- [What the task asks]: Copy each line, word for word, from the one with "Dibujo: Roy García." through the final line of the listing, but skip the pictures.

- [Records for the exercise]:
::::::::::

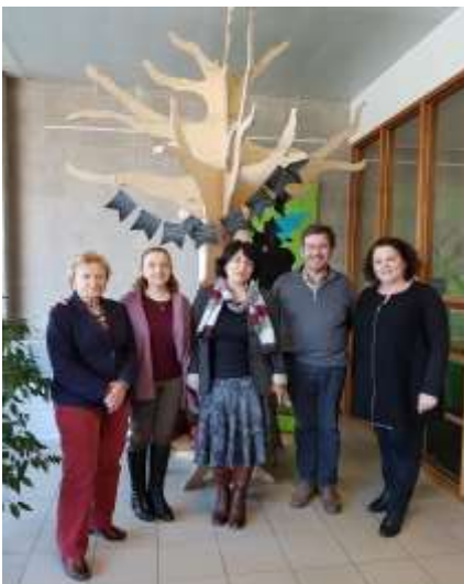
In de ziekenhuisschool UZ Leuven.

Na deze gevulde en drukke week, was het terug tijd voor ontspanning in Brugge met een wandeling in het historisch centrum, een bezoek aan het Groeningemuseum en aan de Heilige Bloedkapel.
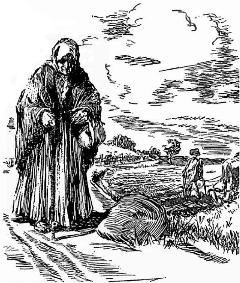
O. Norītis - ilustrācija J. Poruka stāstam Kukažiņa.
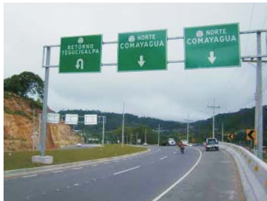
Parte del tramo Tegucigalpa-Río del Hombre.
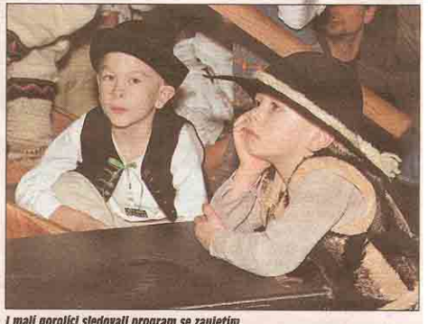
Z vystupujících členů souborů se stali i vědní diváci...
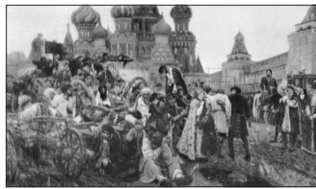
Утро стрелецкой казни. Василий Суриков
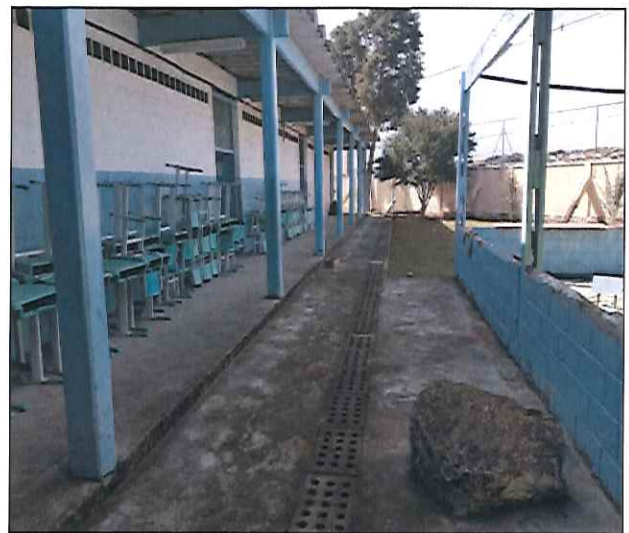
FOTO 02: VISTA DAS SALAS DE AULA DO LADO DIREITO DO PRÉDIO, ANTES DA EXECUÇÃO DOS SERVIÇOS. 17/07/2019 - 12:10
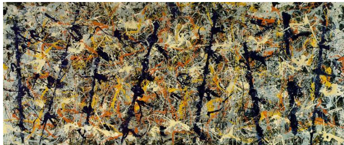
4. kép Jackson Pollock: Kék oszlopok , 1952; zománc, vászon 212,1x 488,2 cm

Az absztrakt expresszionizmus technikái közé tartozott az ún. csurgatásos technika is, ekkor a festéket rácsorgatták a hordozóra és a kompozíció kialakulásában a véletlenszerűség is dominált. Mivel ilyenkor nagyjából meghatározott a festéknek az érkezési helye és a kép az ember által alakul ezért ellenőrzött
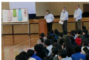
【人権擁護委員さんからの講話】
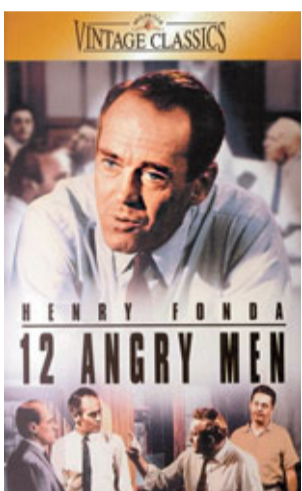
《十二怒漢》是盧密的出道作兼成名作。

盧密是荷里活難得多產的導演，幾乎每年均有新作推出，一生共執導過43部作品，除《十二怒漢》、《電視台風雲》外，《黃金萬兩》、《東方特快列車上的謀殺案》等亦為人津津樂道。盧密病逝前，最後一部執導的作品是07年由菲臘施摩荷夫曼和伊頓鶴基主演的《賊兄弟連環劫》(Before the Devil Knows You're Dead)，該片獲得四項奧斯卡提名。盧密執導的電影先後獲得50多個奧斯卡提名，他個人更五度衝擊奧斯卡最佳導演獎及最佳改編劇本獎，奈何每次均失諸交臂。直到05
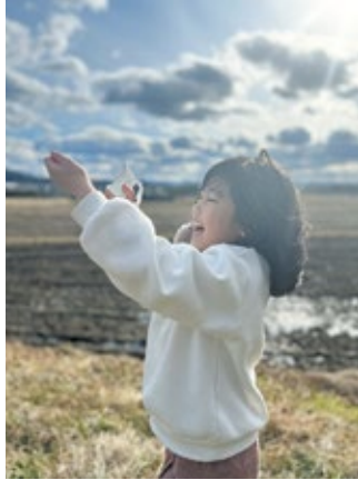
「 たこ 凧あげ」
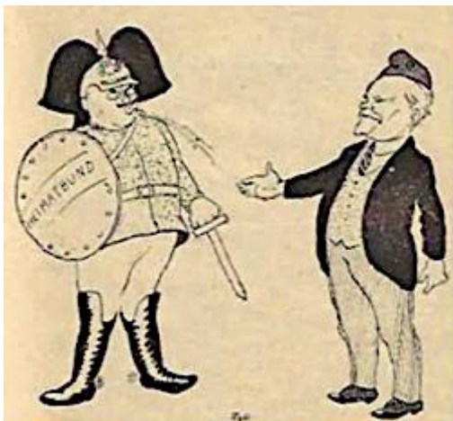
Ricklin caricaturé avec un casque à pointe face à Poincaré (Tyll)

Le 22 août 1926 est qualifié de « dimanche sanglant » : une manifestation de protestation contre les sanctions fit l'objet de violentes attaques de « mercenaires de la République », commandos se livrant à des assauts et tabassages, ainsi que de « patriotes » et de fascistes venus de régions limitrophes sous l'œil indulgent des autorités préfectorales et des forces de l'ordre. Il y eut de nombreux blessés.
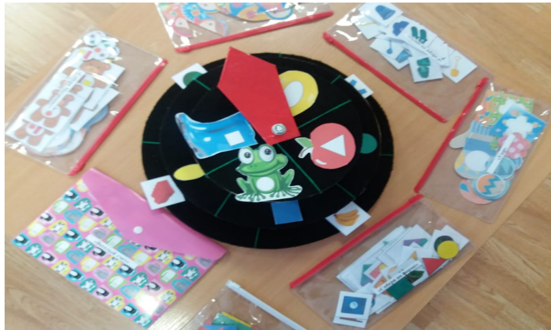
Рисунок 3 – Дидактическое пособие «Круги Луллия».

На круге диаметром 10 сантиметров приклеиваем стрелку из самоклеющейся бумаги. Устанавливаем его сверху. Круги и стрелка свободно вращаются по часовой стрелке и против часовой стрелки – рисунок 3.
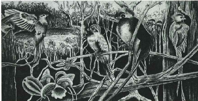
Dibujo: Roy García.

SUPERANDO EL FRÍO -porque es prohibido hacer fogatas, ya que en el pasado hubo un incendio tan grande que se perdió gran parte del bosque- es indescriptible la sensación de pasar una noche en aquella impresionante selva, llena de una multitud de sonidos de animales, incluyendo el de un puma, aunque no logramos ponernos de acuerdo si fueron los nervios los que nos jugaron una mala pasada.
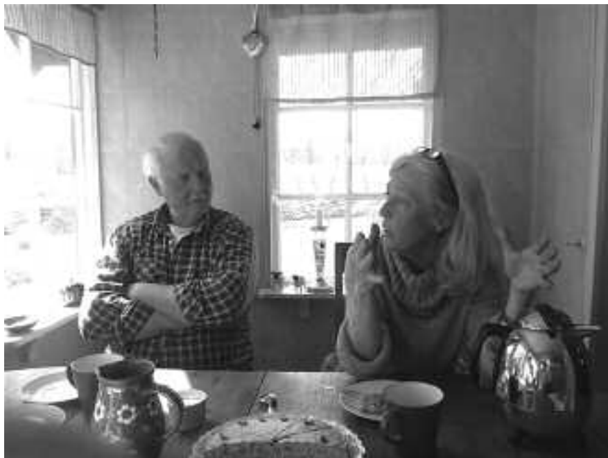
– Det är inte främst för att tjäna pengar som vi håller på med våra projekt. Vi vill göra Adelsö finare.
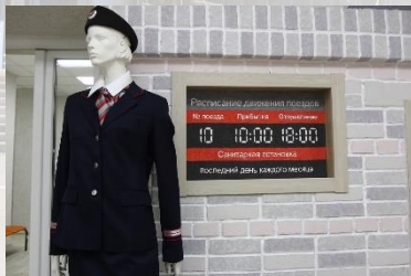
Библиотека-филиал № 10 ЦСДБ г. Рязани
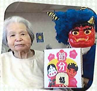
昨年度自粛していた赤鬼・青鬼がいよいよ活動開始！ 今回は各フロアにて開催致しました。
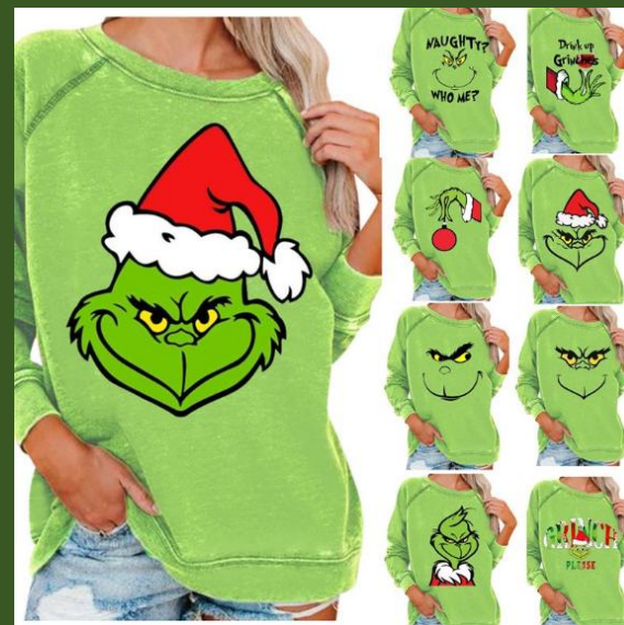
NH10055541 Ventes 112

::::::::::

- [Expected answer]:
Dibujo: Roy García.

SUPERANDO EL FRÍO -porque es prohibido hacer fogatas, ya que en el pasado hubo un incendio tan grande que se perdió gran parte del bosque- es indescriptible la sensación de pasar una noche en aquella impresionante selva, llena de una multitud de sonidos de animales, incluyendo el de un puma, aunque no logramos ponernos de acuerdo si fueron los nervios los que nos jugaron una mala pasada.
– Det är inte främst för att tjäna pengar som vi håller på med våra projekt. Vi vill göra Adelsö finare.
Библиотека-филиал № 10 ЦСДБ г. Рязани
昨年度自粛していた赤鬼・青鬼がいよいよ活動開始！ 今回は各フロアにて開催致しました。
NH10055541 Ventes 112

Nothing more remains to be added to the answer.